A vital factor in attaining organizational effectiveness is the management of the human resource. Nowhere is this factor more crucial than in our schools, where the kind of education that children receive is so heavily dependent on the quality of the performance of the teachers who staff them — quality defined not only in terms of teachers' knowledge and skills but also in terms of their dedication to teaching and the strength of their motivation to attain high levels of performance. The problem of motivating staff is a perennial one. Ever since organized activity began, organizations have been confronted with the problem of motivating employees so that they move towards full commitment to organizational goals. This paper examines the implications for educators of the "Motivation-Hygiene Theory" proposed by Frederick Hertzberg and proposes some strategies for developing staff motivation.

Discussion

The work of Herzberg1 indicates that factors which result in job satisfaction are directly related to work it while factors which result in job dissatisfaction tend to be related to the job environment. “Environment conditions which surround the doing of a job do not have the potentiality to give men basic satisfaction.” (Hertzberg, 1959, 154)

It is only from the job itself that the employee can gain "the rewards that will reinforce his aspirations”. Hygiene's act in a manner analogous to the principles of medical hygiene. Just as medical hygiene operates to remove health hazards from our environment, so these "hygiene's" operate to remove dissatisfaction hazards from the work environment.Herzberg suggests that factors which are sources of job satisfaction and those which contribute to job dissatisfaction do not belong to the same conceptual continuum. He hypothesized that satisfaction factors and dissatisfaction factors are basically different and mutually exclusive: "that some factors are satisfiers when present but not dissatisfiers when absent: other factors are dissatisfiers, but when eliminated as dissatisfiers do not result in positive motivation". (Hertzberg, 1959, 144)

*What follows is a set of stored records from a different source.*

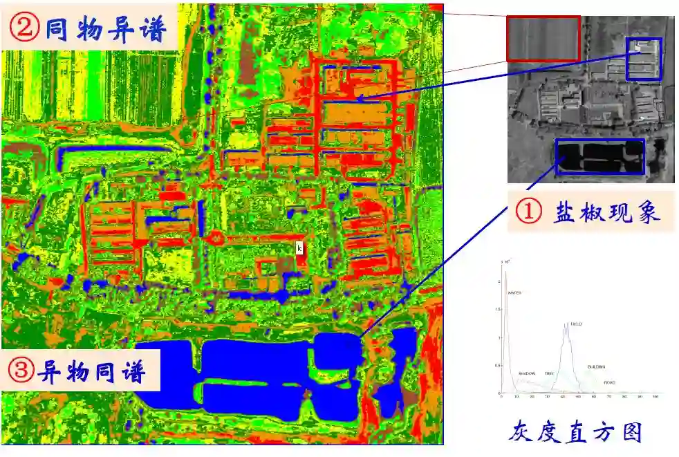 将这个方法用在遥感图像上,如图所示,假设我们要分析的图像是图中的灰度图像,我们采用灰度值作为观测像元的特征,用高斯混合模型聚类,观察结果,我们会发现几个特点,一是有的地方类别分布非常破碎,我们称为“盐椒类现象”,二是有的地方被分割成多种颜色,这种情况就是同一个物体由于灰度不同,被聚成不同的类型。另外在图中我们可以发现水体和建筑区域形成阴影的DN值非常相近,这种将光谱值相同的、不同物体归成同一个类的情况在遥感图像中称为异物同谱,之所以出现这些问题,主要原因是基于像元的分类只是在对应的特征空间进行分类过程,没有考虑到图像平面像元之间的位置、形态等关系。
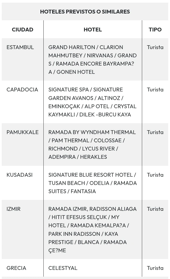 *El hospedaje podrá ser en Izmir o Kusadasi en algunas salidas. Sujeto a disponibilidad al momento de reservar
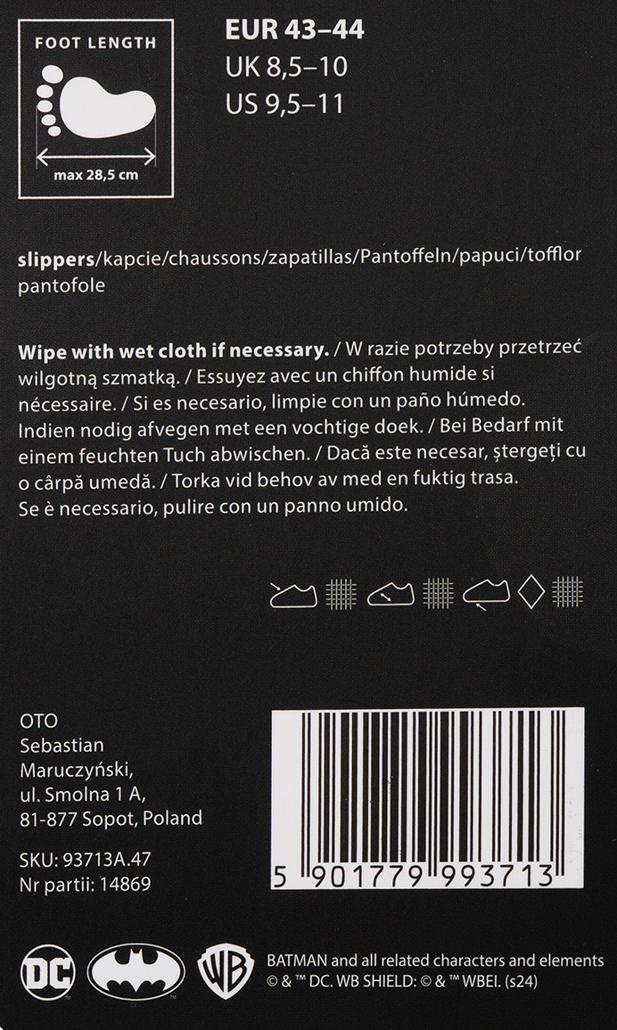 - Nie zapomnij tylko, że noc jest najciemniejsza tuż przed świtem. A świt już niedługo… Kapcie męskie dla Batmanów incognito wyposażono w twardą, elastyczną podeszwę z tworzywa TPR, która doskonale izoluje stopy od podłoża, jednocześnie zapobiegając ślizganiu.

The problem of motivating staff does not admit of an easy solution applicable to all teachers and all tasks.” The first and most important thing to be said about motives is that everybody has a lot of them and that nobody has quite the same mixture as anyone else". (Gellerman, 1963, 155)

One is inclined to agree with him when he suggests that there are people "Who work chiefly for money, others who work chiefly for security and still others who work because they enjoy it: there are even those who work chiefly because they wouldn't know what to do with themselves otherwise". (Gellerman, 1963, 175)

So the administrator has to deal with human diversity "regardless of whether he finds it administratively convenient or conceptually easy to grasp." (Gellerman, 1963, 175)

Hertzberg claims, however, that it can be argued that there is sufficient homogeneity within various groups of employees to make for relative similarity of "needs" hierarchies within each group. If this is so perhaps it is possible to discover strategies that are likely to satisfy these needs and provide motivation for at least ...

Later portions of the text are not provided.